My boy. . .forever 16. . .stuck in time. . .never moving forward on this earthly plane. I see your brothers, cousins, friends and classmates moving forward onto the next phase of life, but you will be forever a teenager on the brink of manhood.
The concept of time for a mother whose child has left this earth is filled with emotions that can be difficult to understand. I want time to stop—how dare life continue without you. Yet, I want it to move quickly forward for the days without you rip through my broken heart.
With each passing year, the missing gets worse, different, it is now part of my core. The memories become harder to hold onto and I’m just so tired. Tired in a bone weary way that is impossible to describe, yet filled with an almost frantic energy because I fear if I stop I may never move forward again.
You remain front and center in my heart and in my mind. I feel you with me every minute of everyday. Just as I once carried you in my womb, I now carry you in my heart—forever and always.
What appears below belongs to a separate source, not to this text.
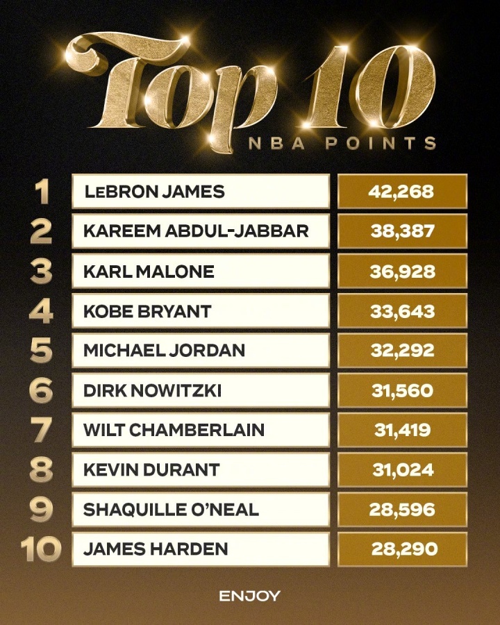 哈登历史得分榜第十位在比赛第三节,哈登两罚全中拿到本场第21分,生涯总得分正式超越了安东尼(28289),跻身NBA历史得分榜第十。

Today marks the day of your birth. A day I celebrate with every bit of my being. My soul rejoices in the gift that is you as you continue to leave your mark through the lessons you left us, and the lessons you continue to teach.
Happy, happy birthday T.J. May you be filled with joy and peace and a knowledge that you are loved—forever and always, to the moon and back and then so much more than that. Love never ends and neither do you T. And that love continues to grow. We have been lifted and carried by your love and the love of everyone around us. It is amazing, awe inspiring and a miracle to behold. Love really is all you need.